▶ Assigned task
Nothing but the lines from the one containing "Figure 7: Red" through the last line of the records belongs in the answer, copied exactly and with the pictures left out.

--------------------------------------------------

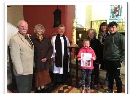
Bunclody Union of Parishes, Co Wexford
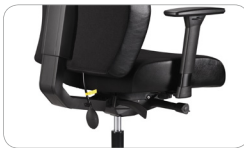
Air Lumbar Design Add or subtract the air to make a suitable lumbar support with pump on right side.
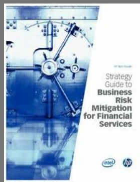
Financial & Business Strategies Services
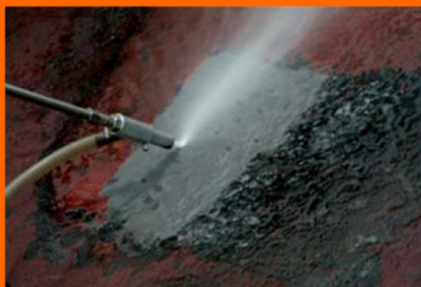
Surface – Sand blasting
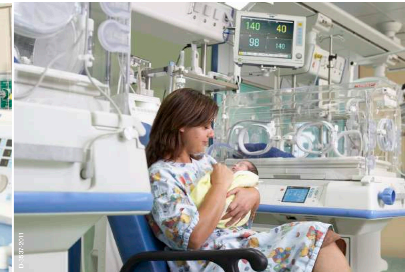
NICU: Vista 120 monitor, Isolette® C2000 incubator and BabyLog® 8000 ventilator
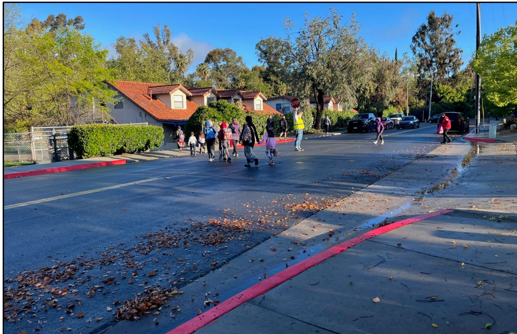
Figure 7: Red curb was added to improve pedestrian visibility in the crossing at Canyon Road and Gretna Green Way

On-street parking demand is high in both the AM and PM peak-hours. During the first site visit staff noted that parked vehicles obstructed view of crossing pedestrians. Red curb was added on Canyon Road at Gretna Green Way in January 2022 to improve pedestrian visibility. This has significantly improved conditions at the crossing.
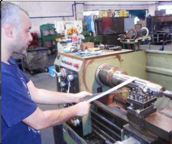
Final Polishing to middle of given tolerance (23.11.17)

--------------------------------------------------

▶ Reply
Figure 7: Red curb was added to improve pedestrian visibility in the crossing at Canyon Road and Gretna Green Way

On-street parking demand is high in both the AM and PM peak-hours. During the first site visit staff noted that parked vehicles obstructed view of crossing pedestrians. Red curb was added on Canyon Road at Gretna Green Way in January 2022 to improve pedestrian visibility. This has significantly improved conditions at the crossing.
Final Polishing to middle of given tolerance (23.11.17)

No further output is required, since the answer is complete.